The following is an example of the debug command:

$ cockroach debug zip ./cockroach-db/logs/debug.zip --insecure --host=locahost:26258

Following are some of the important options that you have with the cockroach debug zip command:

  • --redact-logs: Redacts sensitive information from the logs.
  • --timeout: Times out the command with an error message if it doesn't complete within the stipulated time.  
  • --files-from and --files-until: You can filter the logs based on the time. For example, --files-from='2021-01-01 12:00' and files-until='2021-06-30 12:00'.

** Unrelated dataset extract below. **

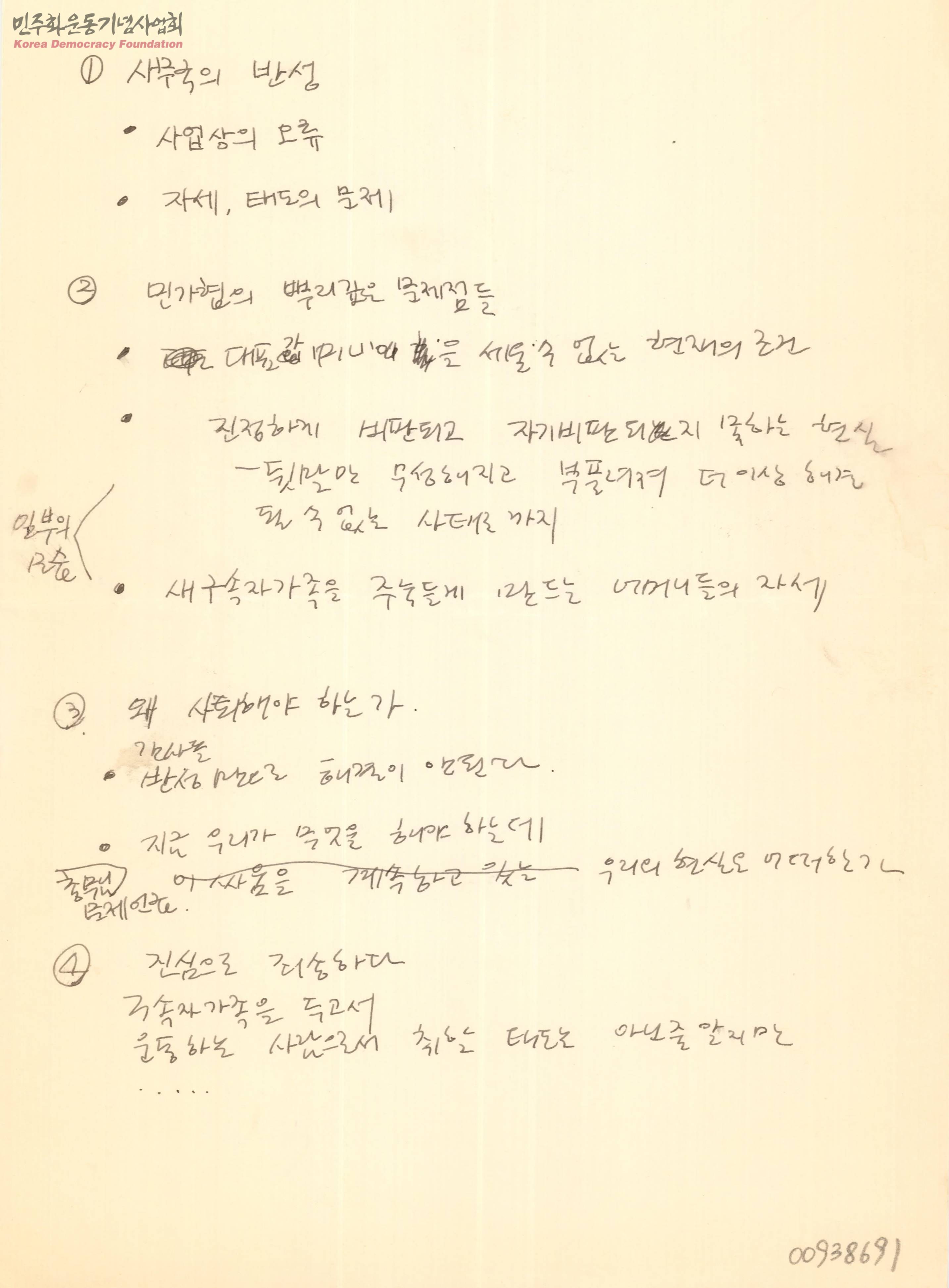 - 민가협 내부의 사업상의 오류와 총무의 권고사직 등에 대한 사죄와 운영의 어려움에 따른 반성을 담은 내용의 자필메모.
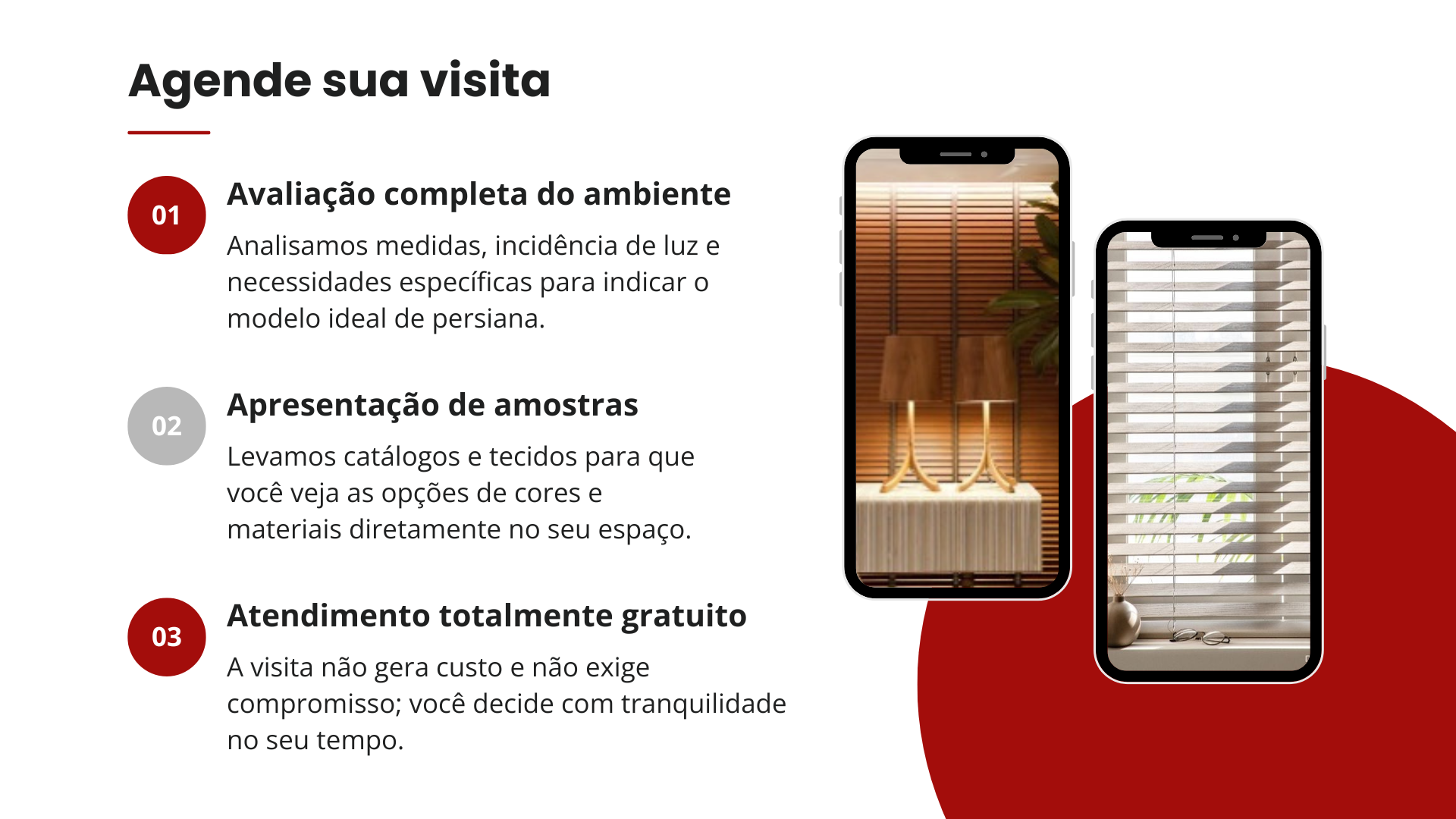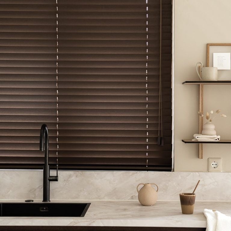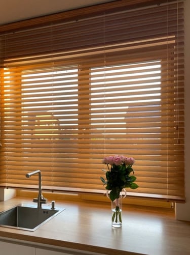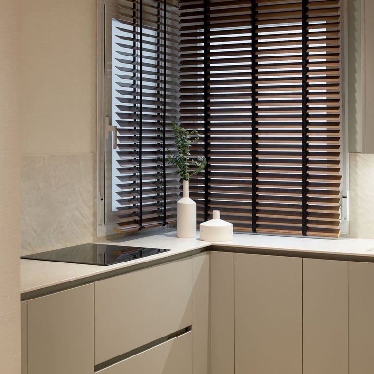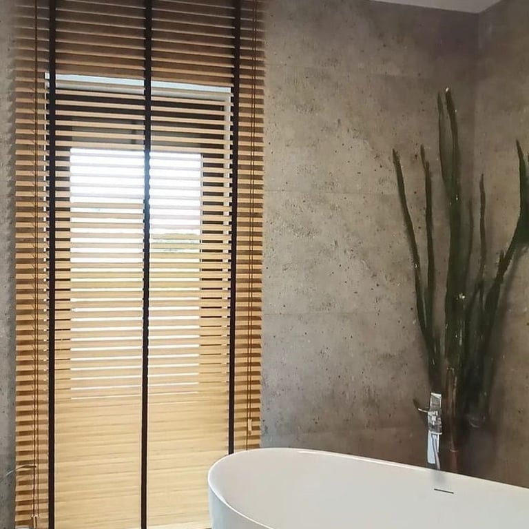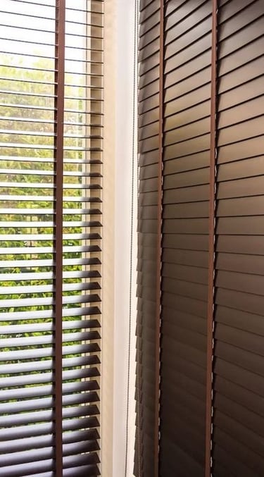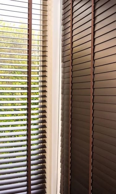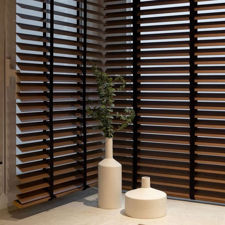 Lâminas ajustáveis que podem ficar abertas ou fechadas, permitindo controlar a privacidade e a entrada de luz de acordo com a necessidade do ambiente

For complete options, please check cockroach debug zip --help.

Information such as CPU usage, metrics, schema metadata, node health, stack trace, events, and jobs are collected from all the nodes.

Next, we will learn about connection issues and how to ensure we don't run into one.

Connection issues

Connection refused is one of the common connection issues when a PostgreSQL-compatible SQL client is unable to connect to a CockroachDB node. There can be many things that can go wrong here, such as expired certificates or firewall settings. Following are some general guidelines on what to look for in terms of connection related configurations:

  • Check that the CockroachDB node is running and listening on the correct port.
  • Check the connection details, especially the hostname and port number.
  • If the node is running in secure mode, you have to make sure appropriate certificates and keys are generated and are being passed correctly during the connection.
  • Make sure the client certificate is present and not expired.
  • If the node is already running and the host and port are correct, you can try restarting the node and see if that helps with the connection issue.
  • Check for firewall rules that prohibit specific inbound and outbound traffic.
  • Make sure the node is reachable using ping and the port can be accessed using debugging tools such as netcat or telnet.

In case of connection issues, we have to make sure that the client and the nodes of a cluster can talk to each other securely.

In the next section, we will go over some of the recommended hardware and software configurations for CockroachDB nodes.

Tracking slow queries

It is important to know which queries are not performing as expected so that we can further investigate to find the actual cause for the slowness. Some queries can become slow when the data grows. So, it is important to benchmark some of the critical queries over time to make sure they are getting executed within the expected time. There are three major ways to identify and debug slow queries:

  • Use EXPLAIN and see if the query involves full scans and if so, see what kind of indexes you can create to avoid it. This holds true for table joins as well.
  • Turn on the slow query log for a specific latency threshold. In the following example, all queries whose latency is greater than or equal to 500 milliseconds will be logged in the slow query log:

    > SET CLUSTER SETTING sql.log.slow_query.latency_threshold = '500ms';

    SET CLUSTER SETTING

    Time: 120ms total (execution 120ms / network 0ms)

  • Integrate CockroachDB logging with tools such as OpenTelemetry and Jaeger that provide advanced tracing and spanning capabilities. This helps us with understanding all the network hops that happen during a query and also how much time individual units of work are taking. Whichever function or network hop takes more time could be a potential candidate to investigate further.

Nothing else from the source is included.